[swift-evolution] multi-line string literals.

Dave Abrahams dabrahams at apple.com
Tue May 3 14:27:29 CDT 2016

on Sat Apr 30 2016, Brent Royal-Gordon <swift-evolution at swift.org> wrote:

>> Second, this proposal should explain why it's reinventing the wheel
>> instead of standardizing existing, very successful, prior art.
> Answer
>> the question: “what compelling advantages does this syntax have over
>> Python's?”
> Sure.
> First of all, I will admit up front that I have not written much
> Python (a couple weeks ago, "much" would have been "any") and I may
> not fully understand their string literals. So I'll start by
> describing my understanding of the design in question; then I'll
> critique the design as I understand it. So if something in this
> section is wrong, please forgive any related mistakes in the critique.
> Python offers a `"""` string which is almost the same as the `"`
> string:
> 	* Every character between the first `"""` and the second `"""`
> is part of its contents.
> 	* Escapes are processed normally.
> 	* There is no special behavior with regards to whitespace.
> The only difference is that a `"""` string allows real, unescaped
> newlines in it, while a `"` string forbids them. (And, of course,
> since the delimiter is `"""`, the strings `"` and `""` are interpreted
> literally.)

IMO you really can't consider `"""` without `r`-prefixed raw strings,
and the apostrophe (single-quote) variants, and how they all compose.

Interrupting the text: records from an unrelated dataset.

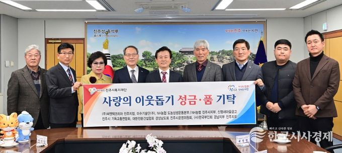 한국시사경제 윤광희 기자 | 진주시복지재단(이사장 이성갑)은 15일 진주시청 기업인의 방에서 지역사회 기업 ·기관·단체의 어려운 이웃돕기 성금품 기탁식을 가졌다.
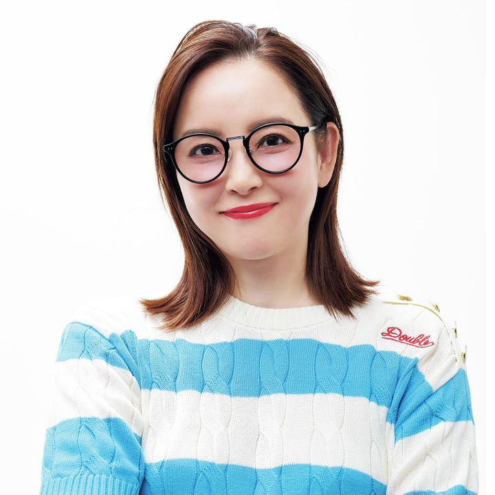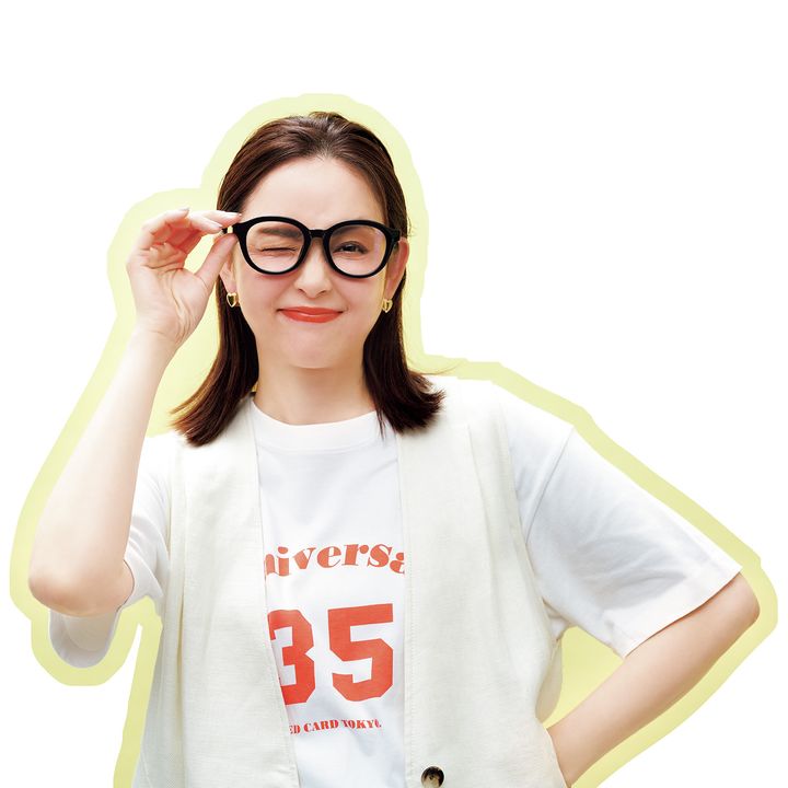 近くを見るときにぼやける方に。ブルーライトを約33%カットしてくれるのも嬉しいポイント。フレーム¥9,900レンズ¥3,300(ともにゾフ/ゾフ カスタマーサポート)
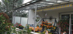 Überdachungen ganz individuell der Terrasse angepasst. Transparent durch große Glasflächen. Verschattungen mit Unterglasmarkisen.
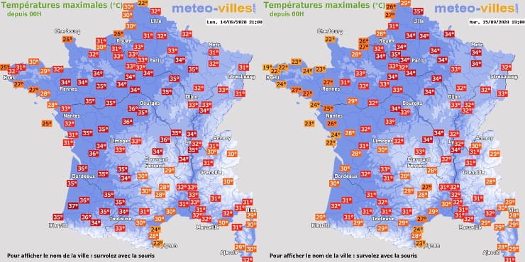 Le 14 septembre 2020, dépasse la barre des 35°C à Angers, Bourges, Poitiers, Nevers, Tours ou encore Le Mans. Encore plus impressionnant, le thermomètre atteint 35,1°C à Lille le 15 septembre 2020. La ville pulvérise son record pour un mois de septembre et atteint les 35°C pour la première fois au delà d'un 25 août - soit 3 semaines plus tard !
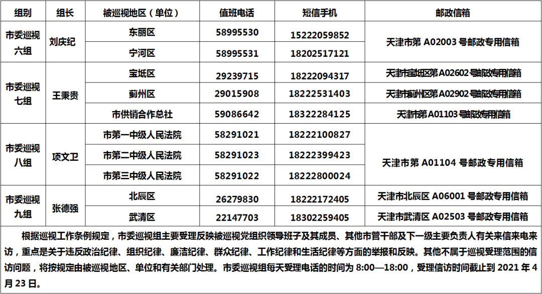 天津日报讯(记者 徐丽)根据市委统一部署,截至3月3日,承担十一届市委第九轮巡视任务的9个市委巡视组全部完成进驻,将对滨海新区等16个区和市高级人民法院、市供销合作总社等6家单位党组织,开展为期2个月的常规巡视。
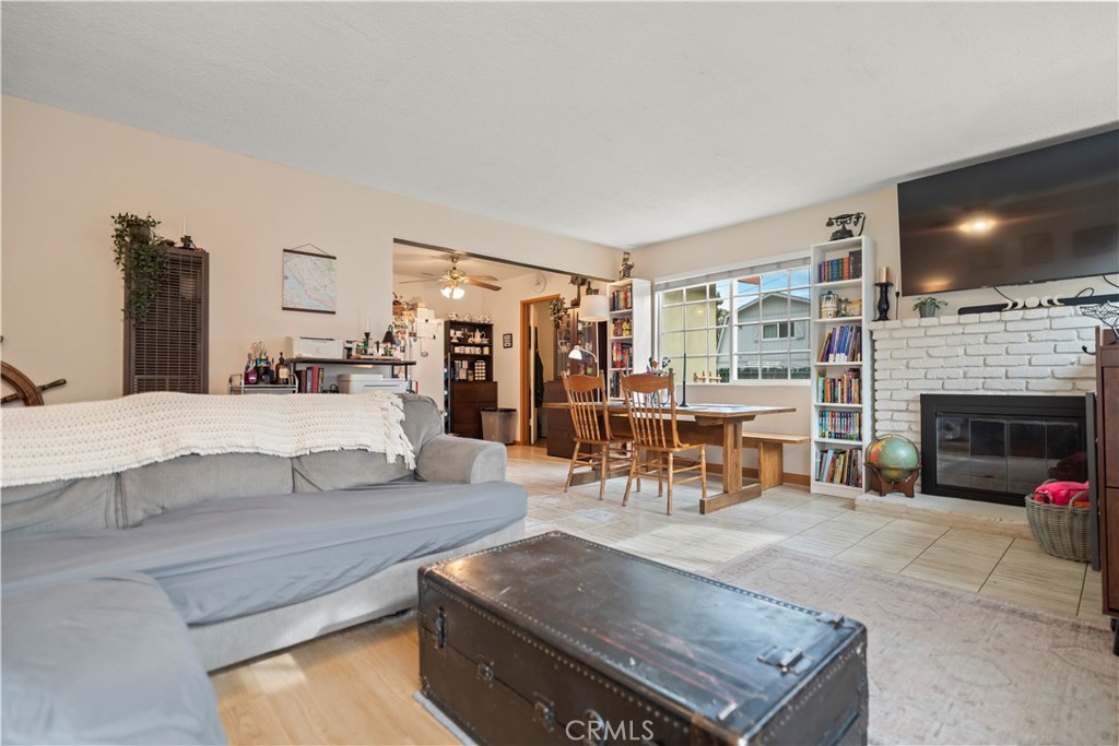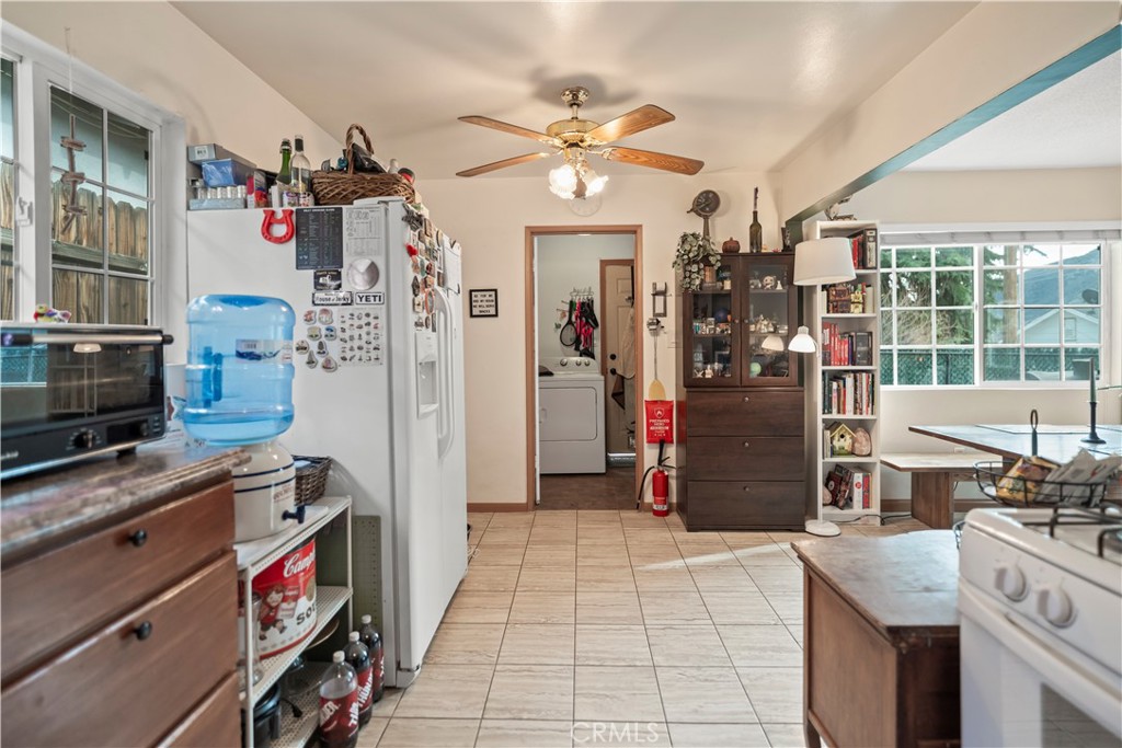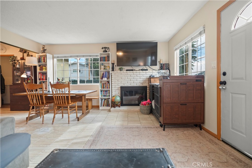 The spacious kitchen offers warm wood cabinetry, updated countertops, and ceramic tile flooring, flowing directly into the living space to create a bright and welcoming atmosphere. Large windows throughout the home provide abundant natural light while framing tranquil mountain views. The living area feels open and comfortable, enhanced by thoughtful built-in touches and a functional layout.

> This approach is really simple, which is a plus, but it has a number
> of issues.
> A number of aspects of the design combine to make `"""` strings harder
> to read than they should be:
> 	* You can't indent the contents of a `"""` string to match the
> code it's in. This is actually pretty shocking considering how
> sensitive Python is to indentation, and it necessitates a number of
> strange hacks (for instance, Python's `help()` function unindents all
> but the first line of doc strings).

True, but there's a standard function for stripping off the extra
indentation, if that's important to you.  In some use-cases, it makes
sense, but I wouldn't say it's uniformly desirable to add indentation to
a multiline string literal in the first place.

> 	* You can't put all of the contents against the left margin,
> either, because a newline right after the `"""` is counted as part of
> the string's contents. (You can use a backslash to work around this.)



works fine if a leading newline is important to avoid.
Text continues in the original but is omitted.